(Extracted records)
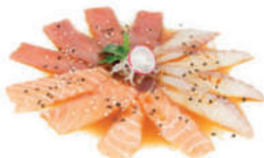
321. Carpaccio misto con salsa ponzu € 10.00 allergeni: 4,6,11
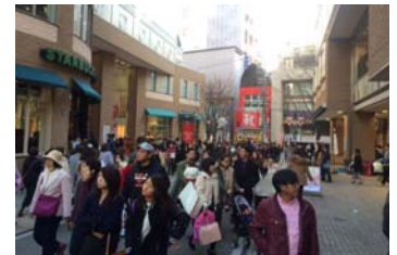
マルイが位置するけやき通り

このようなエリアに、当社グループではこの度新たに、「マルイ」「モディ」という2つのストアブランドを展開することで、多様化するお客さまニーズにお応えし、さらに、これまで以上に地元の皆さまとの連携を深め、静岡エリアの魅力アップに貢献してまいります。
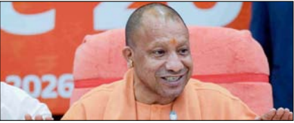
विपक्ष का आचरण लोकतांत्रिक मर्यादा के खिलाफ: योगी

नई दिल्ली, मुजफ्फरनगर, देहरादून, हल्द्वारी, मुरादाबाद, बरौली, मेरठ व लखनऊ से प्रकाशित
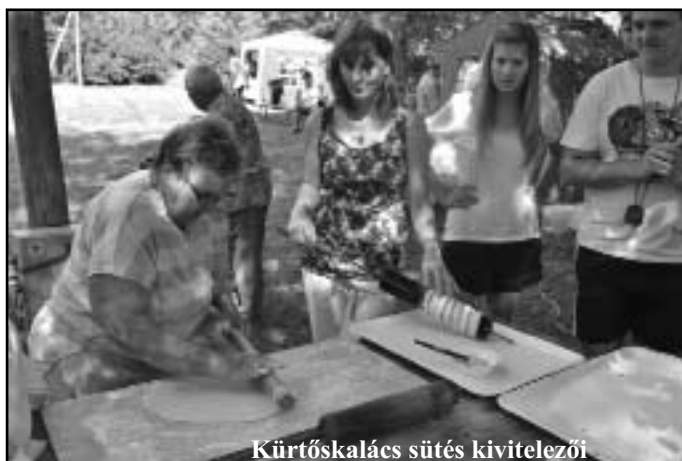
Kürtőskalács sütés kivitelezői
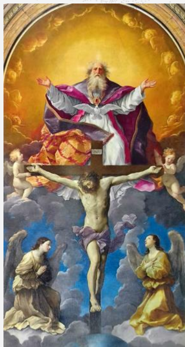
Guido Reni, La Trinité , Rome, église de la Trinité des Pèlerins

(Exercise requirements) What are the lines from the one containing "Kürtőskalács sütés kivitelezői" through the end of the records? Write them out exactly, leaving out the pictures.

(Output below)
Kürtőskalács sütés kivitelezői
Guido Reni, La Trinité , Rome, église de la Trinité des Pèlerins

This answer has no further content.